The medical care issue is a bit more complicated so I will not go into the full explanation here, but suffice it to say that the primary culprit in the escalating costs of our system is the third party payment system. Insurance normally insures you against the catastrophic loss. You insure your home against the hurricane, fire, flood, and not against the cost of mowing the lawn which you pay out of pocket. The basic point is that a third party will never spend your money as wisely or frugally as you might so is it any wonder that the costs continue to spiral out of control? Out of sight out of mind as they say. The real solution to this problem would be to first eliminate the tax credit on employer provided health care so that people have an incentive to purchase their own coverage and shop around for the best price on the coverage that they need and two for the government to massively cut entitlement programs such as Medicare and Medicaid which contribute to the escalating costs by giving the lawyers, drug companies, hospitals, and others direct access to the public purse. If these things were done then competition would reign and market forces would take care of our expensive healthcare. Of course, such a solution is not politically acceptable, but it bears mentioning the ideal scenario so that we can judge how well other plans do in addressing the basic problems. (and this was the short answer!)
Step away from your OWN flat panel TV and DVD rack long enough to go look outside your window for a moment. See that? That's the "real world". And it extends a bit beyond the middle-class suburban skyline that no doubt graces your view.
I do not own a television of any kind let alone a flat panel one (95% of television is a waste of time even from an entertainment perspective, but that is just my opinion) and I live in the real world too. The income which does not go towards meeting my immediate personal needs is either saved in my bank accounts or invested in my portfolio. There is nothing preventing anyone with the determination and willpower from saving and investing their money too. One does not need thousands of dollars to start saving and investing, again it is all about your priorities. It's called making a budget and balancing your checkbook and any normal person with even a high school education can do these things.
The view "Poor people are there because they are lazy/don't want to work/lack motivation/can't plan well" is almost always exclusively found in.. wait for it... people who AREN'T POOR. Try it yourself sometime before you make broad, sweeping, generalizations.

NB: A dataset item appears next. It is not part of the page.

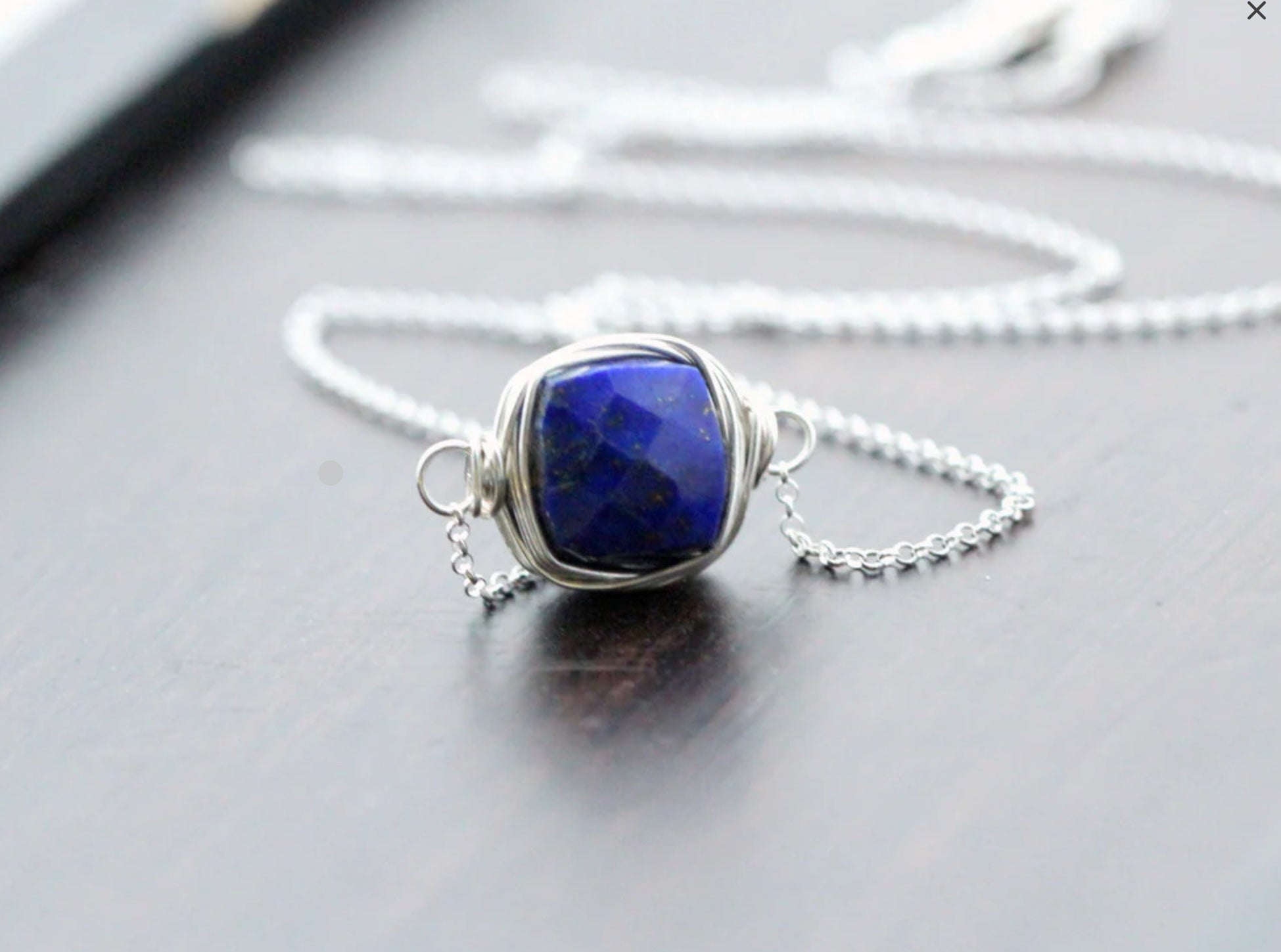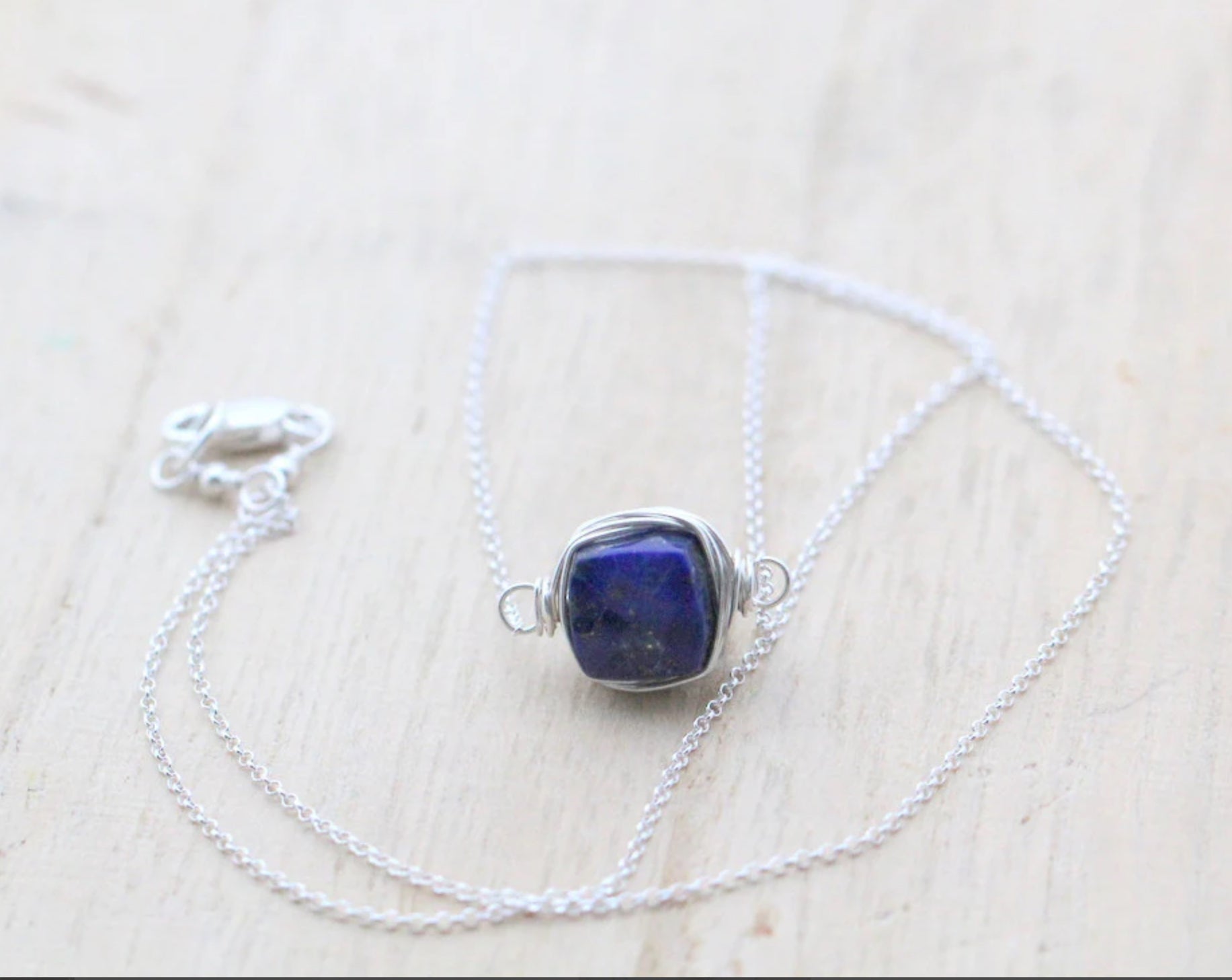 This beautiful necklace features a gorgeous faceted Lapis Lazuli cube securely wrapped in sterling silver wire in my signature bezel style fashion. Sitting right near the collar bone, it's a simple yet gorgeous piece that will be easy to wear everyday, and mix with other pieces.

There is no suggestion of laziness or not working hard enough, in fact many poor people undoubtedly work extremely hard, but that is not the point. The point is that not everyone makes the best choices when it comes to spending the income they worked so hard to get. How many times have I seen people who are obviously working people driving souped up cars with spinner rims while talking on their $200 dollar cell phone, wearing name brand tennis shoes and obnoxious jewelry? Priorities, I cannot stress that enough...it all boils down to what it is that you want out of life and what are you willing to do to make it happen, but dont blame society for your own poor choices.